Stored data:
[Start of Attachment]
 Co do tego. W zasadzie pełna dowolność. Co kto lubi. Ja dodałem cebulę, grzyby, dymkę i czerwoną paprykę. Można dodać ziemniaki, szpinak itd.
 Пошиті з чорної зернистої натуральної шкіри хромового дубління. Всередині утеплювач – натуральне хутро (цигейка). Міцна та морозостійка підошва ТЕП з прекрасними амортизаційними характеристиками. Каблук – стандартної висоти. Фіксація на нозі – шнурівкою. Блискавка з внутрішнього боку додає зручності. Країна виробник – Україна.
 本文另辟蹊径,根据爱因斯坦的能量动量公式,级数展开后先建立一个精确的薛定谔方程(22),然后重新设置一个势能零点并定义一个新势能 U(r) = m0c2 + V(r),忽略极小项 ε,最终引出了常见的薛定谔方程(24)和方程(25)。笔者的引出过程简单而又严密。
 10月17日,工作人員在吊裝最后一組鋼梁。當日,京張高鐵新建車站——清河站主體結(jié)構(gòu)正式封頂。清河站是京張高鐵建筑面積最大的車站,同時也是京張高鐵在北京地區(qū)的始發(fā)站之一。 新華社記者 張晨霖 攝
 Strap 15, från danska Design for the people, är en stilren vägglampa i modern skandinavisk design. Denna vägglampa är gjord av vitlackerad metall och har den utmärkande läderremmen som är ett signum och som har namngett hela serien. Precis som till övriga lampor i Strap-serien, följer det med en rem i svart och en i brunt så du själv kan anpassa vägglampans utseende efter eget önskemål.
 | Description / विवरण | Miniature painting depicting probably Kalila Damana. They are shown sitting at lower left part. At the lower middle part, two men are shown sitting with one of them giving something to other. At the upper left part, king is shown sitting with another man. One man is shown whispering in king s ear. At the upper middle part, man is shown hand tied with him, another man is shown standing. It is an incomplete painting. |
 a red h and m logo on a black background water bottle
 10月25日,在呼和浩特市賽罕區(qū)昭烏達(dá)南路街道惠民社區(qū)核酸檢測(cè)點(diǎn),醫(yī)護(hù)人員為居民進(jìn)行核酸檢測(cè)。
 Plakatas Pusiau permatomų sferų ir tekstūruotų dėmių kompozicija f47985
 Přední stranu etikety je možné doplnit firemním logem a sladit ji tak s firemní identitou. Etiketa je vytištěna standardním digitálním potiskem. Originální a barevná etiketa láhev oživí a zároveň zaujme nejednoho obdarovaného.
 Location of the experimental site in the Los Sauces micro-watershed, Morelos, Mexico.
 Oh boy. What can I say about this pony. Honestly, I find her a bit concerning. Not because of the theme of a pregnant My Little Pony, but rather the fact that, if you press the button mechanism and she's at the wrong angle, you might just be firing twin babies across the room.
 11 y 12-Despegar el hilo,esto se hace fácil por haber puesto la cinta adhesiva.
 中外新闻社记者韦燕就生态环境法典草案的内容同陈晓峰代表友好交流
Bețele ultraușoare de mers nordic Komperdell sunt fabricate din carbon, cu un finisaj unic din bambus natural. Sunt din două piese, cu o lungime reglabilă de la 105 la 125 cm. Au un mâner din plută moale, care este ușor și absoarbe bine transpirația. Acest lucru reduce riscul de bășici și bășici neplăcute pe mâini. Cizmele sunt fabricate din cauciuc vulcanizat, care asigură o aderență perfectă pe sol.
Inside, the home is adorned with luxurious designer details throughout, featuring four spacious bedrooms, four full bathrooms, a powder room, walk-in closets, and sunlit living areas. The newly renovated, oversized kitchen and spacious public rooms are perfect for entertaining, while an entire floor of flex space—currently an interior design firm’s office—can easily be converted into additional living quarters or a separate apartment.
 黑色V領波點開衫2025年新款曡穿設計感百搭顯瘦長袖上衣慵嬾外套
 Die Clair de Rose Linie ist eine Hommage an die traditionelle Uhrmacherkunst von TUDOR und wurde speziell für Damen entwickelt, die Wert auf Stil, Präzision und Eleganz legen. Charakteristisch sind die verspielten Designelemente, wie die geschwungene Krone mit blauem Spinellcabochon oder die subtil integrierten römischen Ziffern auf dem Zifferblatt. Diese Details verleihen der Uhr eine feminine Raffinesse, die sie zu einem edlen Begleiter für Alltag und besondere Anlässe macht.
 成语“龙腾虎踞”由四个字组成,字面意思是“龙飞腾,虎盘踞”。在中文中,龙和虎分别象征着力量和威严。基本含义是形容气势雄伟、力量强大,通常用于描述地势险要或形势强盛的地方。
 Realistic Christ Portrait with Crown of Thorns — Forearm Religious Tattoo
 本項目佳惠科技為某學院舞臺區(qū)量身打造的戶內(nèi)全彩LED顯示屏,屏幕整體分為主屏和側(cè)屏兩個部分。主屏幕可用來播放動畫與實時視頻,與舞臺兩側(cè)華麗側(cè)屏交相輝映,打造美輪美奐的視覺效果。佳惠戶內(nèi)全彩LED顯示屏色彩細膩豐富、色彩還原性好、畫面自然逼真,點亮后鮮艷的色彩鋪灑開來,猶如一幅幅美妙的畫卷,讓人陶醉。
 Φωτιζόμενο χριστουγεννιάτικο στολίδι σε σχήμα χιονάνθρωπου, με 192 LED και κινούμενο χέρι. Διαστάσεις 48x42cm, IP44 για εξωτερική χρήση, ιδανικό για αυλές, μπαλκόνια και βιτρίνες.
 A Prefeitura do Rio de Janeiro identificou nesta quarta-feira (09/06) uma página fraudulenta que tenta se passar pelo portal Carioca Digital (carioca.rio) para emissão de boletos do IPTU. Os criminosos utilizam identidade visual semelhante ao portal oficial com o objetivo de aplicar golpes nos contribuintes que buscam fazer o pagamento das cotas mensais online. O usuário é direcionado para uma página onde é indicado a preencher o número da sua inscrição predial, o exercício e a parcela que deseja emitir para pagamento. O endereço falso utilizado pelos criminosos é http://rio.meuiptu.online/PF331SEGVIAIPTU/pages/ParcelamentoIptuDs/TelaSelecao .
[End of Attachment]
Work request: In the entries above, find each line that has the word "room". Copy it.

Output below:
 Oh boy. What can I say about this pony. Honestly, I find her a bit concerning. Not because of the theme of a pregnant My Little Pony, but rather the fact that, if you press the button mechanism and she's at the wrong angle, you might just be firing twin babies across the room.
Inside, the home is adorned with luxurious designer details throughout, featuring four spacious bedrooms, four full bathrooms, a powder room, walk-in closets, and sunlit living areas. The newly renovated, oversized kitchen and spacious public rooms are perfect for entertaining, while an entire floor of flex space—currently an interior design firm’s office—can easily be converted into additional living quarters or a separate apartment.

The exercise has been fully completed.